YOUR ASSIGNMENT
The reply should hold only the lines from the one with "일단 모양을 만든 후" to the one with "Turn heads with", both ends kept, exactly as they appear below, without any pictures.

DATA TO EXAMINE

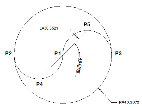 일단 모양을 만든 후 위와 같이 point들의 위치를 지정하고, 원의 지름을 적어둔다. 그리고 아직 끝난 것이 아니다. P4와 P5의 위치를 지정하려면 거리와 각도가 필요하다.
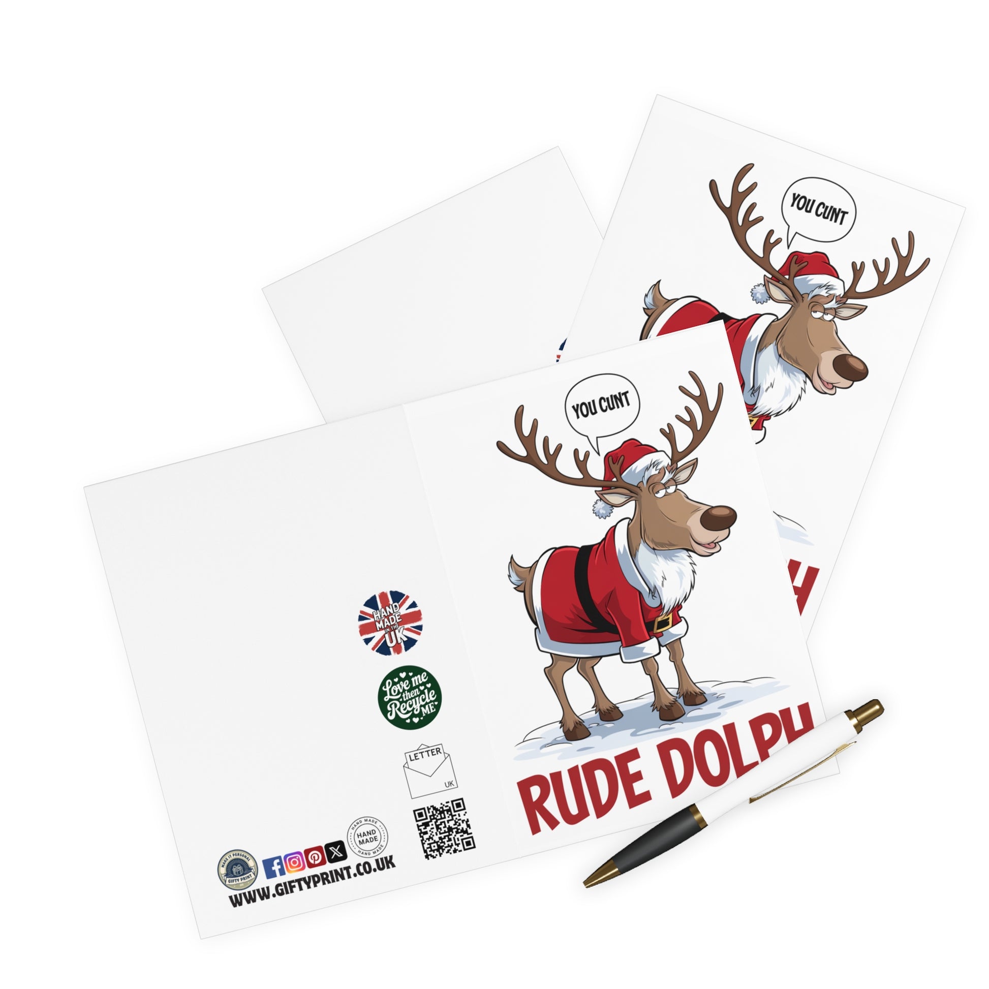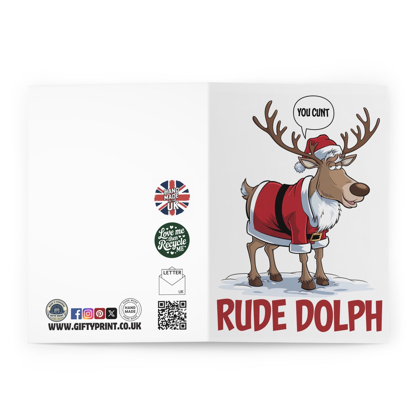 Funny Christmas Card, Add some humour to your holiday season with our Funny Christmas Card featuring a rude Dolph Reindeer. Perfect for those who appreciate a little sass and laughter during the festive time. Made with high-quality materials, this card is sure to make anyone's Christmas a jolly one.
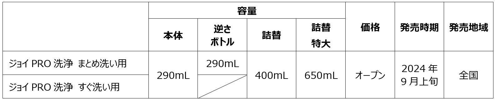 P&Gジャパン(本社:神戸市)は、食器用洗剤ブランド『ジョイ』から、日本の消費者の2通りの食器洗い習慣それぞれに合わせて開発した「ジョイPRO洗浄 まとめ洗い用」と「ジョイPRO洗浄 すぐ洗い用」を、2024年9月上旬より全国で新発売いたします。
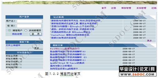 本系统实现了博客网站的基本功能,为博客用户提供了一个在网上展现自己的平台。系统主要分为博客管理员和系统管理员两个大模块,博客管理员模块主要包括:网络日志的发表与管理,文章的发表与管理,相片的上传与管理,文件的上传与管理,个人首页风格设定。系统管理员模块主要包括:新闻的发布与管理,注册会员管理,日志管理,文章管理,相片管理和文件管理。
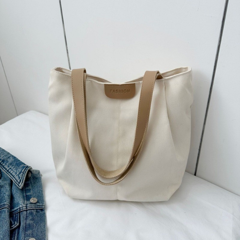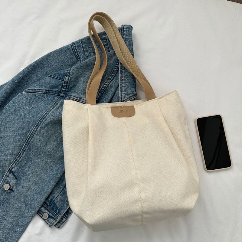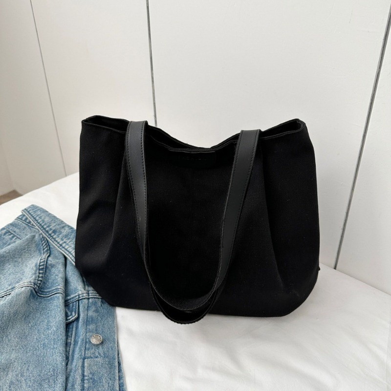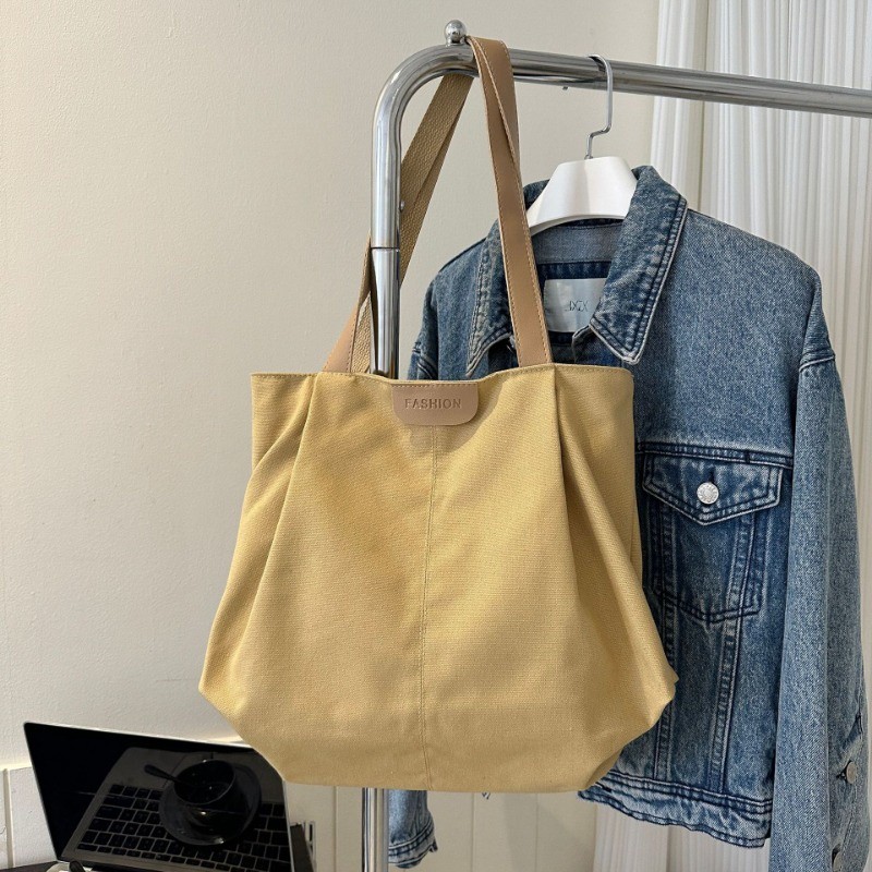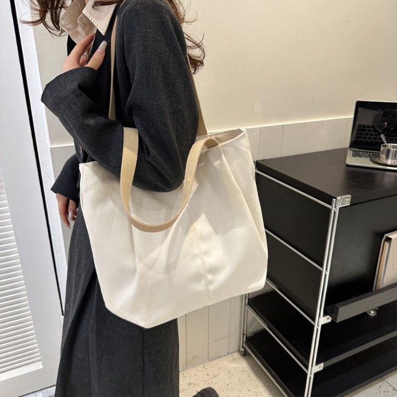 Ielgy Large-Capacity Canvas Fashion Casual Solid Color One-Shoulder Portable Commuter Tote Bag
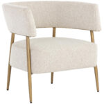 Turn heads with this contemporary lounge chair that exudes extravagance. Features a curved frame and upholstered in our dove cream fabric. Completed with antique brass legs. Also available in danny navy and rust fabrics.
* * *
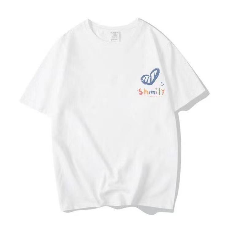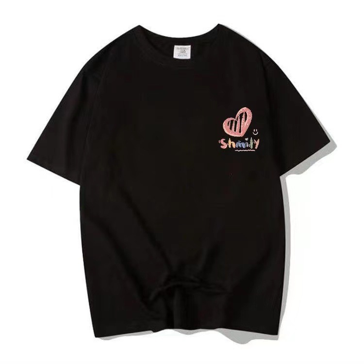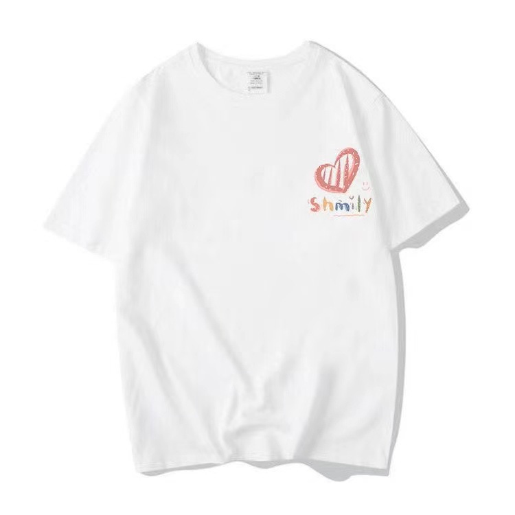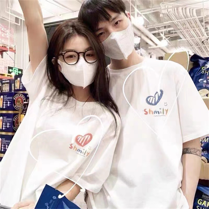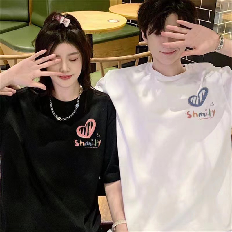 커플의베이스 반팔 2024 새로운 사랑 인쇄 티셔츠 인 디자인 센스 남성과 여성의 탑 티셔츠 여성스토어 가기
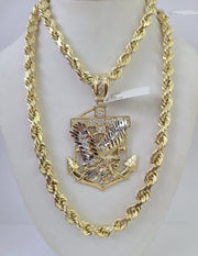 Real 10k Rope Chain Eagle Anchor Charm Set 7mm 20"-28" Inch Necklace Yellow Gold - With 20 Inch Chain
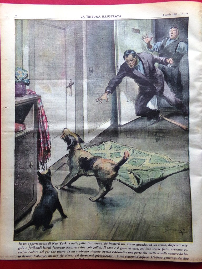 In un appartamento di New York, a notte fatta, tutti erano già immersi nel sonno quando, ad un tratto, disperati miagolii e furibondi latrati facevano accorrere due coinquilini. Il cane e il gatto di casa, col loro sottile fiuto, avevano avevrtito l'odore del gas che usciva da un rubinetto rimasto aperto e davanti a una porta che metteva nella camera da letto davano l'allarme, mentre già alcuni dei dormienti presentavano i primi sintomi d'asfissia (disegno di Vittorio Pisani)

RESPONSE
 일단 모양을 만든 후 위와 같이 point들의 위치를 지정하고, 원의 지름을 적어둔다. 그리고 아직 끝난 것이 아니다. P4와 P5의 위치를 지정하려면 거리와 각도가 필요하다.
 Funny Christmas Card, Add some humour to your holiday season with our Funny Christmas Card featuring a rude Dolph Reindeer. Perfect for those who appreciate a little sass and laughter during the festive time. Made with high-quality materials, this card is sure to make anyone's Christmas a jolly one.
 P&Gジャパン(本社:神戸市)は、食器用洗剤ブランド『ジョイ』から、日本の消費者の2通りの食器洗い習慣それぞれに合わせて開発した「ジョイPRO洗浄 まとめ洗い用」と「ジョイPRO洗浄 すぐ洗い用」を、2024年9月上旬より全国で新発売いたします。
 本系统实现了博客网站的基本功能,为博客用户提供了一个在网上展现自己的平台。系统主要分为博客管理员和系统管理员两个大模块,博客管理员模块主要包括:网络日志的发表与管理,文章的发表与管理,相片的上传与管理,文件的上传与管理,个人首页风格设定。系统管理员模块主要包括:新闻的发布与管理,注册会员管理,日志管理,文章管理,相片管理和文件管理。
 Ielgy Large-Capacity Canvas Fashion Casual Solid Color One-Shoulder Portable Commuter Tote Bag
 Turn heads with this contemporary lounge chair that exudes extravagance. Features a curved frame and upholstered in our dove cream fabric. Completed with antique brass legs. Also available in danny navy and rust fabrics.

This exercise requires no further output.